V_T = V_1 + V_2 + ...+ V_N = V_{source} \hspace{2mm} (when\hspace{1mm}fully\hspace{1mm}charged)

Using the expressions for each value of voltage, we find:

V_T = V_1 + V_2 +...+V_N = \frac{Q}{C_1} + \frac{Q}{C_2} +...+\frac{Q}{C_N} = \frac{Q}{C_T}

Where C__T is the total equivalent capacitance of the circuit.

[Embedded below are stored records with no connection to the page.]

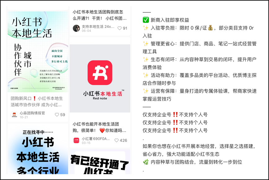 近期,小红书上涌现大量本地生活服务商发布的招商信息,承诺为入驻商家提供从流量扶持、权益激励到一站式运营的全链路服务——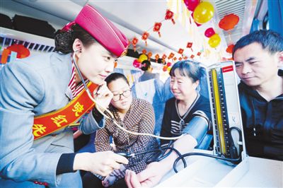 列車工作人員為旅客量血壓/人民日報(bào)記者賀勇攝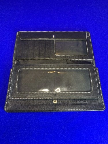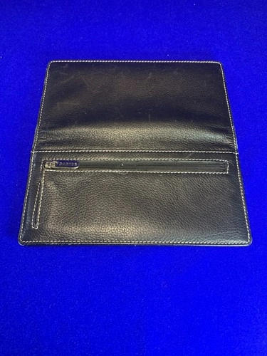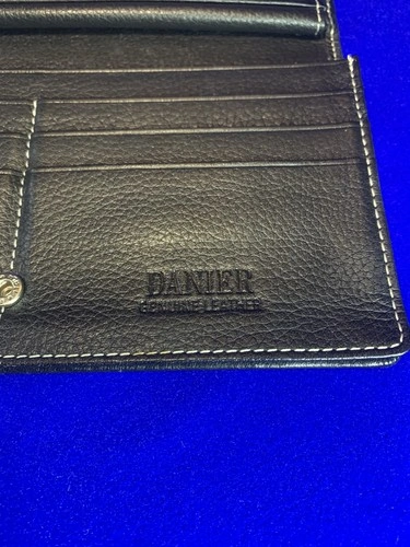 Upgrade your everyday carry with this authentic Danier Genuine Leather Wallet / Organizer, crafted from high-quality pebbled leather with contrast stitching. Danier is known for its premium leather goods, and this piece delivers both durability and classic style. This item is in excellent pre-owned condition, clean inside and out, with all compartments fully functional. A perfect accessory for travel, business, or everyday use. Features: Genuine Leather (Danier stamped logo inside), Stylish Black Pebbled Finish, High-contrast stitching for a premium look, Multiple Card Slots – ideal for credit cards, ID, or business cards, Large Clear Window Section – great for documents, passes, or photos, Additional Transparent Full-Length Pocket, Snap Closure for secure storage, Interior Zip Pocket on the Back Side – perfect for cash or receipts, Lightweight and slim – easy to fit in a bag, purse, or briefcase. Approximate Measurements: Closed: ~9” x 4.5”, Opened: ~9” x 9”. Condition: Pre-owned but in excellent shape, Leather is clean with minimal signs of wear, Inside fabric lining is clean, Stitching tight and intact, No tears, rips, or damage, All compartments open and close smoothly. Please review all photos — they show the exact item you will receive. Quality item from a smoke-free home. Feel free to message me with any questions!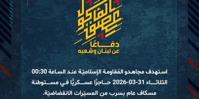 دفاعًا عن لبنان وشعبه، استهدف مجاهدو المُقاومة الإسلاميّة عند الساعة 00:30 الثلاثاء 31-03-2026 حاجزًا عسكريًّا في مستوطنة مسكاف عام بسرب من المسيّرات الانقضاضيّة.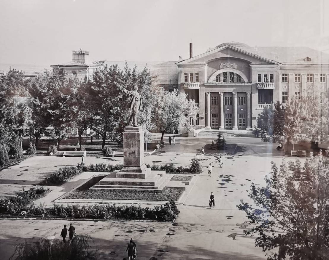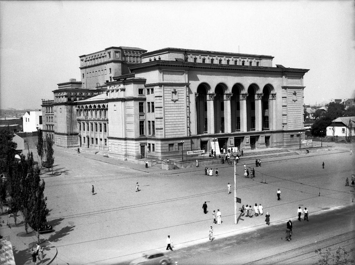 Вот – театр оперы и балета имени А. Соловьяненко, открытый накануне войны – 12 апреля 1941 года. Музыкальные подмостки существовали в Юзовке ещё до революции – так называемая «передвижная опера», а это – новое здание, возведённое, согласно плану реконструкции города. Хоромы в духе итальянского Ренессанса – с колоннами, гулкими пролётами и грандиозным залом - было выстроено одесским архитектором Людвигом Котовским, крупнейшим зодчим Малороссии. Фотограф нашёл идеальную точку съёмки – такую, откуда видны все линии постройки.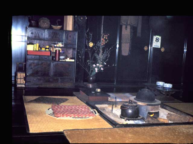 中央に見えるのは、囲炉裏です。 庫裏には、客間であるデイが3室(クチノデイ・ナカノデイ・オクノデイ) あり、特異なつくりをしています。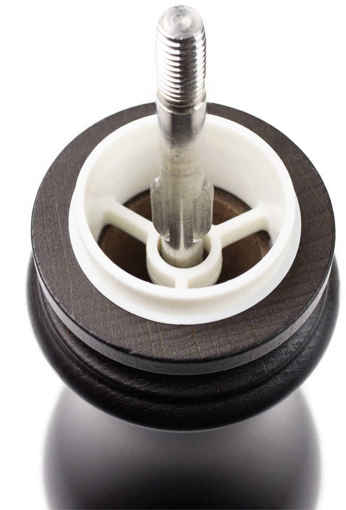 Ustawienie grubości mielenia w młynkach PEUGEOT może odbywać się bądź poprzez tradycyjną płynną regulację dzięki dokręceniu pokrętła w górnej części korpusu, bądź w przypadku młynków z mechanizmem uSelect, przez wybór jednego z 6 stopni grubości mielenia (1 dla najdrobniejszego, 6 dla najgrubszego).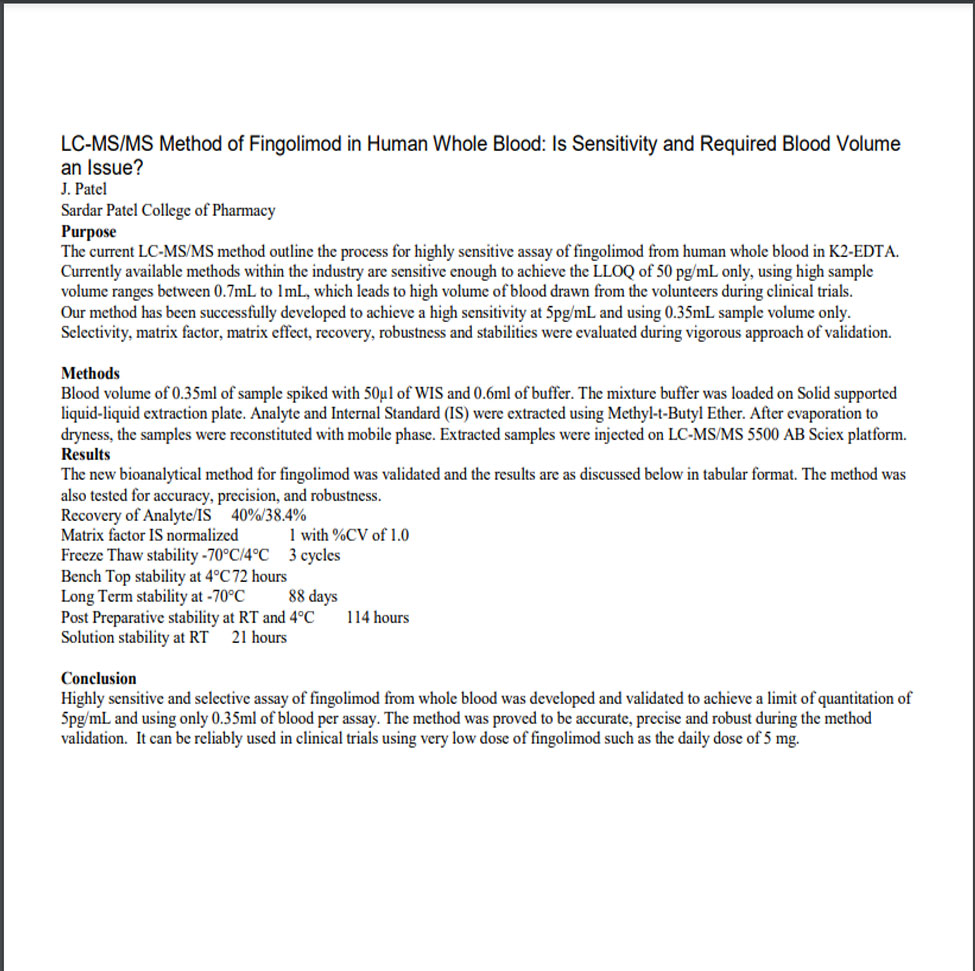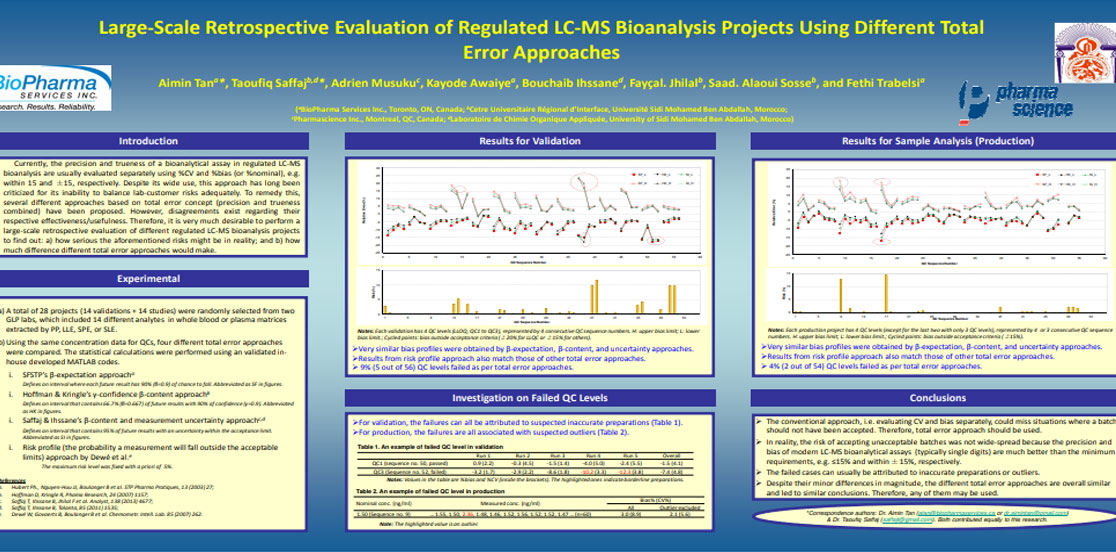 Aimin Tan, Taoufiq Saffaj, Adrien Musuku, Kayode Awaiye, Bouchaib Ihssane, Fayçal Jhilal, Saad. Alaoui Sosse, Fethi Trabelsi. Large-Scale Retrospective Evaluation of Regulated Liquid Chromatography-Mass Spectrometry Bioanalysis Projects Using Different Total Error Approaches. Journal of Chromatography B, 983-984 (2015) 68-75.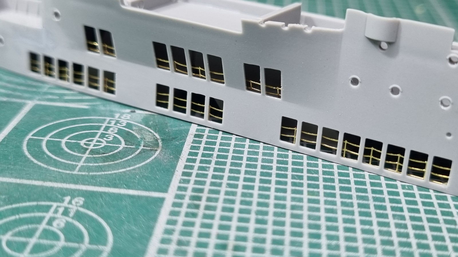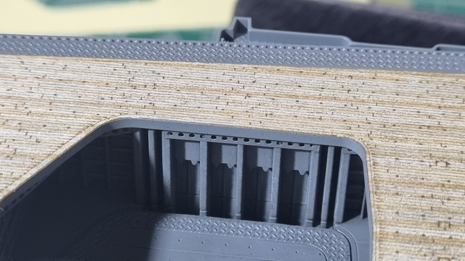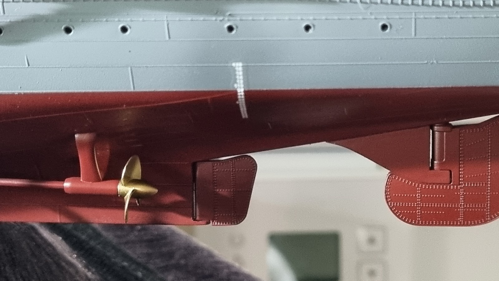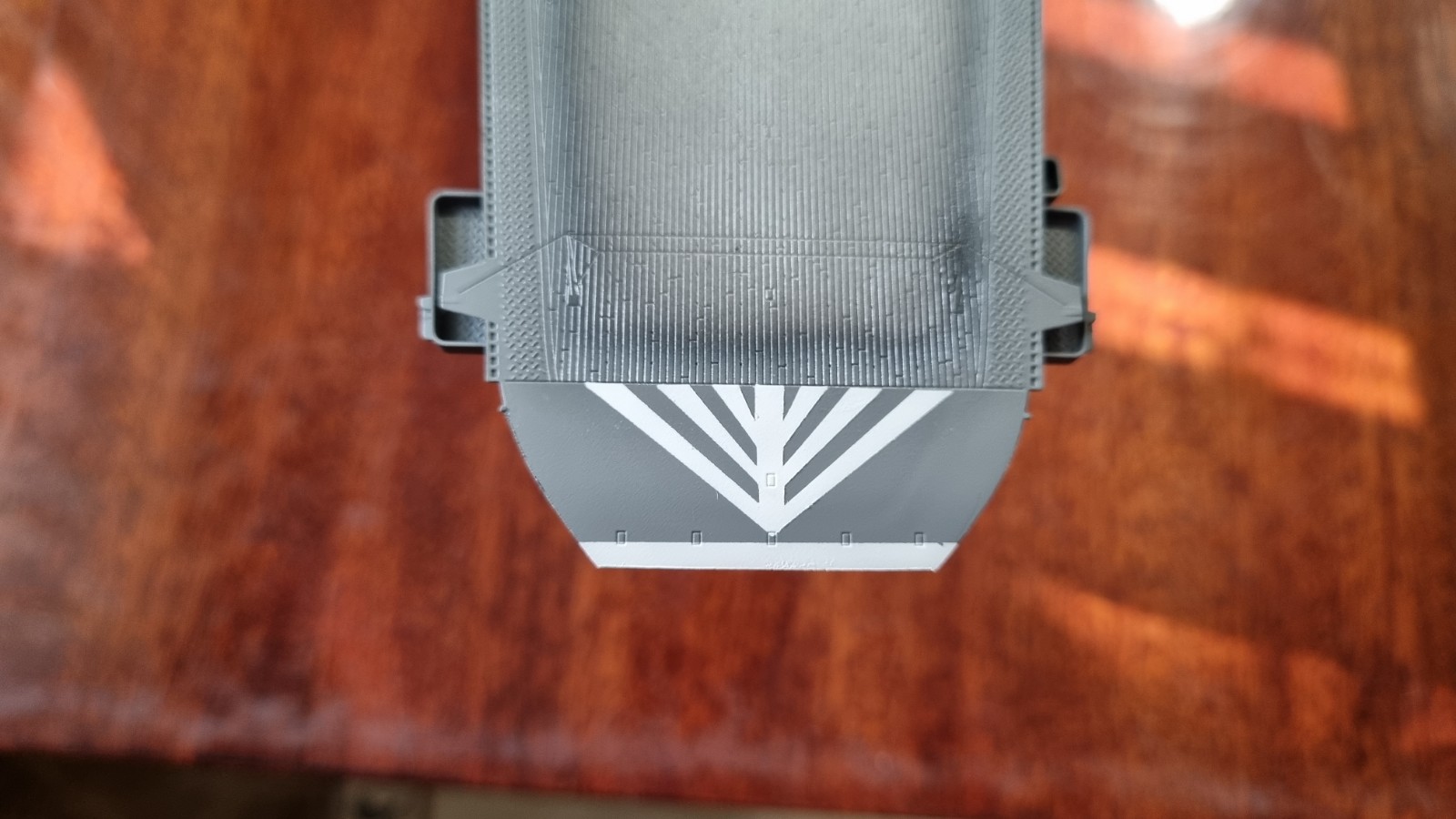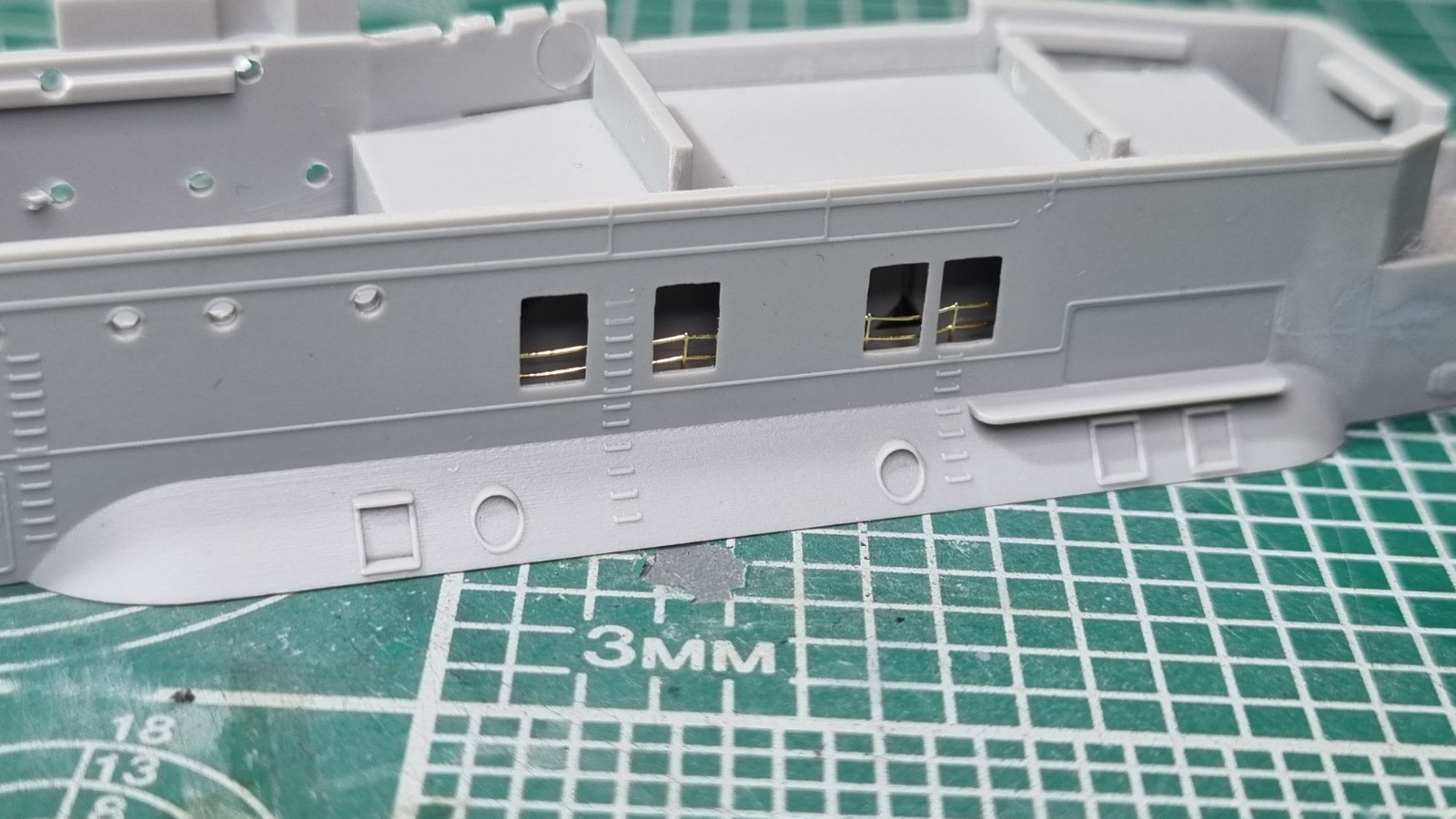 Первое, оно же главное. Кормовая часть не ложится в размер по длине где то на 1-'1,5 мм. То есть видимо придётся отрезать полоску на стыке с центральной частью.
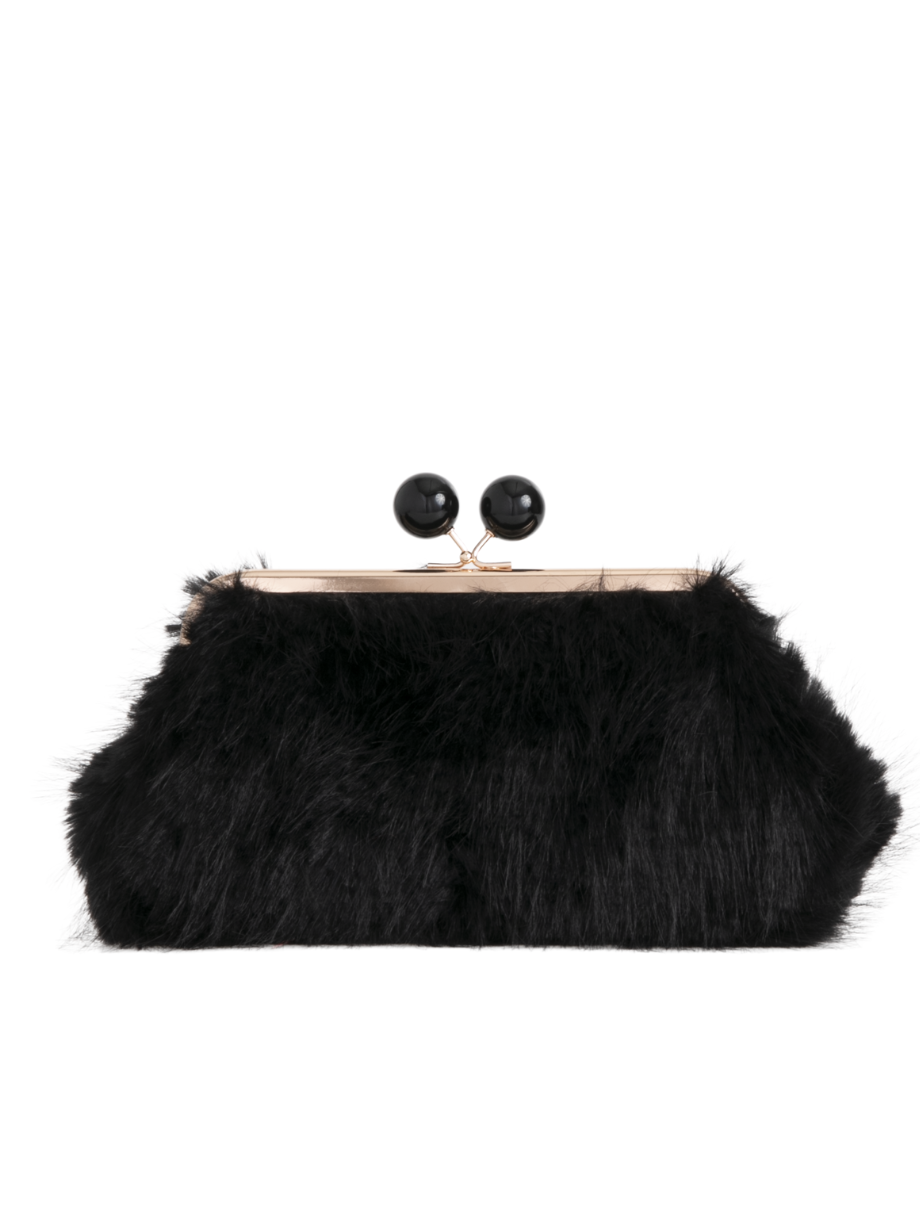 Black Fluffy Faux Fur Kiss Lock Clutch Bag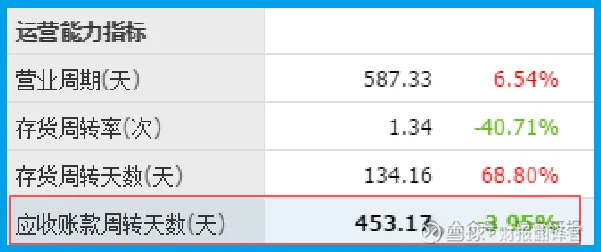 更蹊跷的是,公司销售回款时间(应收账款周转天数)高达453天,但同比还“加快”了4%——意思是,去年更惨,得等快500天才能收回钱……
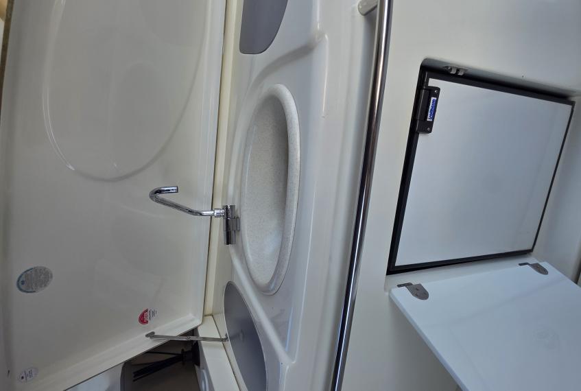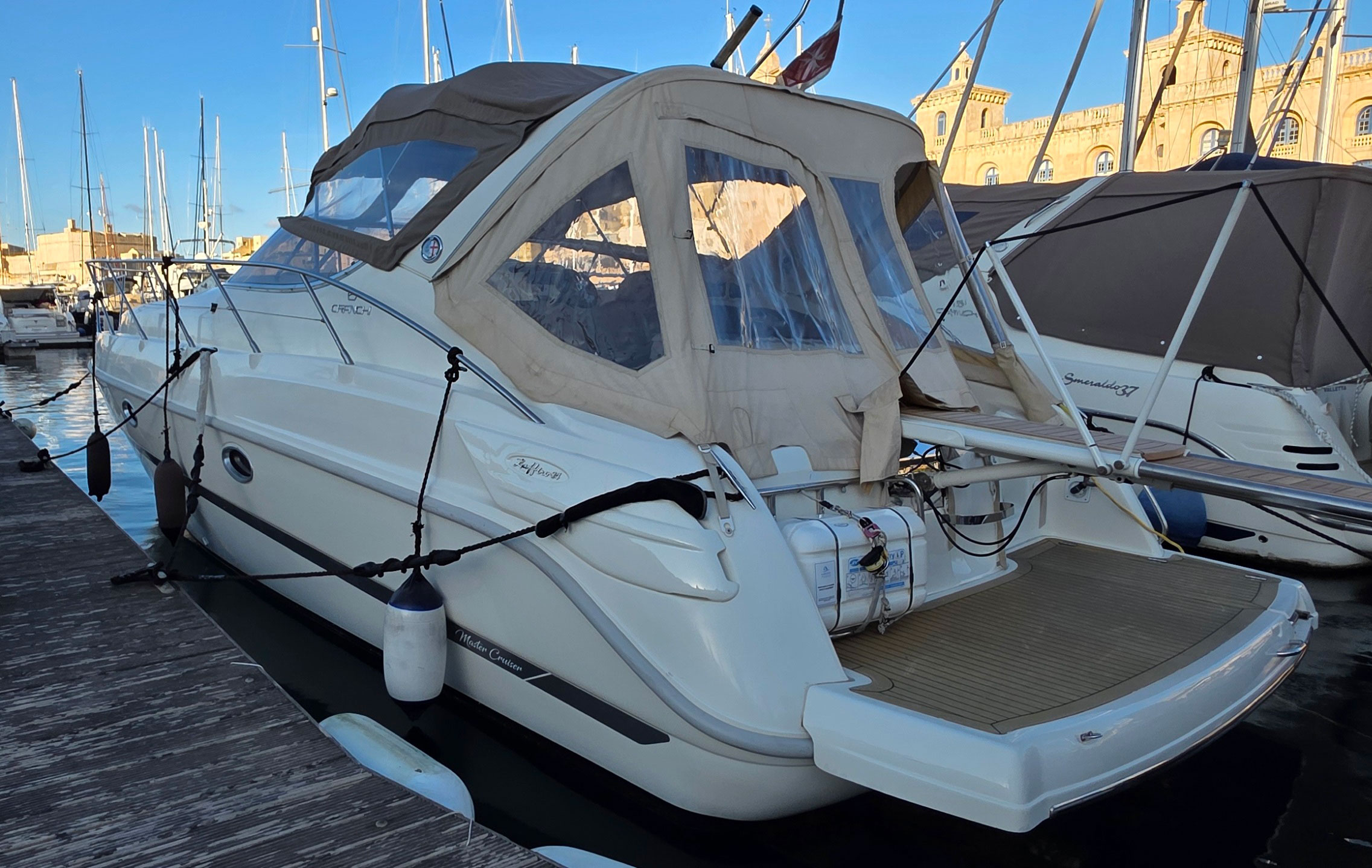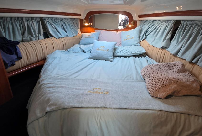 A full canvas package, including camper cover and bimini, provides excellent protection in all conditions. The foredeck offers a large sunbathing area with complete cushions, while the foldable rollbar improves versatility for low bridges or transport.

If we take the last two expressions and divide by the charge (Q), we find:

\frac{1}{C_T} = \frac{1}{C_1}+\frac{1}{C_2}+...+\frac{1}{C_N}

We can now solve for C_T by raising the whole equation to the -1 power:

C_T = (\frac{1}{C_1}+\frac{1}{C_2}+...+\frac{1}{C_N})^{-1}

So when we think of capacitors in series, we can think of the overall effect as being similar to increasing the distance between the plates. The total capacitance decreases as more capacitors are added. Note that this is the same result we saw for resistors in series.

Let’s look at our first parallel circuit capacitor to understand more about the dynamics of the system.

Example 1: Two Capacitors in Series

In this circuit, a 2 μF capacitor has been placed in parallel with a 4 μF capacitor.

a) What is the equivalent capacitance of this circuit?

C_T = (\frac{1}{C_1}+\frac{1}{C_2})^{-1}=(\frac{1}{2\mu F}+\frac{1}{4\mu F})^{-1} = (\frac{3}{4}\mu F)^{-1} = \frac{4}{3} \mu F

b) How much total charge will be stored in the capacitors of the circuit when fully charged?

Q = CV = (\frac{4}{3} \mu F)(9V) = 12\mu C

c) What is the voltage drop across each capacitor?

V_1 = \frac{Q}{C_1}=\frac{12\mu C}{2 \mu F}=6V

V_2=\frac{Q}{C_2}=\frac{12\mu C}{4\mu F} = 3V

Note that the total voltage is equal to the battery voltage:

V_T=V_1+V_2=6V+3V=9V

Example 2: Three Capacitors in Series

In this example, we have added a third capacitor in series between the capacitors from Example 1. Let’s see how this third capacitor changes the circuit.

a) What is the equivalent capacitance of this circuit?

C_T = (\frac{1}{C_1}+\frac{1}{C_2}+\frac{1}{C_3})^{-1}=(\frac{1}{2\mu F}+\frac{1}{3\mu F}+\frac{1}{4\mu F})^{-1}= (\frac{13}{12})^{-1}\mu F=\frac{12}{13}\mu F

b) How much total charge will be stored in the capacitors of this circuit when fully charged?

Q=CV=(\frac{12}{13}\mu F)(9V)=8.31\mu C

c) What is the voltage drop across each capacitor?

V_1=\frac{Q}{C_1}=\frac{8.31\mu C}{2\mu F}=4.15V

V_2=\frac{Q}{C_2}=\frac{8.31\mu C}{3\mu F}=2.77V

V_3=\frac{Q}{C_3}=\frac{8.31\mu C}{4\mu F}=2.08V

As a check, let’s ensure that the total voltage drop across the capacitors is equal to the total voltage supplied:

V_T = V_1+V_2+V_3=4.15V+2.77V+2.08V=9V

This confirms that we have calculated everything correctly.